The same thing happened to me last week on a 4 year old MacBook Pro original 
internal drive, with the same error message. Disk Utility refused to repair the 
disk, as per the error message. A test using some other utility (I forget now, 
maybe TechTool Pro) told me "bad blocks". Using Disk Utility, I erased the disk 
**using the write-zeroes-once option** because that maps out bad blocks so they 
won't be used again. 

Then I restored from my most recent Time Machine backup. The MacBook Pro 
wouldn't boot at all after that (no error messages), but examining it from an 
external startup drive showed a huge number of files with obscure names (more 
than 11,000) in the "DamagedFiles" folder (created, I believe, by Time 
Machine). I assumed they were corrupted blocks somewhere in the system that had 
gotten backed up to Time Machine over a period of time. So I reinstalled 
Mountain Lion from the original Mountain Lion installer and applied the 10.8.3 
combo updater. This left all my other files from the previous restore intact, 
including applications and data. The MacBook Pro is now back to normal and 
working fine for the past week or ten days.

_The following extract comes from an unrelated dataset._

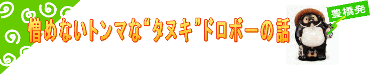 先日のミーティングは、わが町「豊橋」で起こった“タヌキ盗難事件”のドロボーが捕まったというニュースで盛り上がりました。NHKのニュースで全国に放映されるなんて、同じ「豊橋」の住人として「とても恥ずかしい。でもちょっとおもしろい」と言いながら、ついつい笑ってしまいました。

This exact same thing had happened on the same drive about a year ago, and the 
same fix lasted for the past year. 

Of course there may still be corrupted blocks in my applications and data that 
had been backed up to Time Machine and then restored, but so far I haven't run 
into any. I use a very large number of applications and files on this MacBook 
Pro about 14 hours every day in my law practice and in my programming career, 
so I'm fairly confident that I have a usable system now.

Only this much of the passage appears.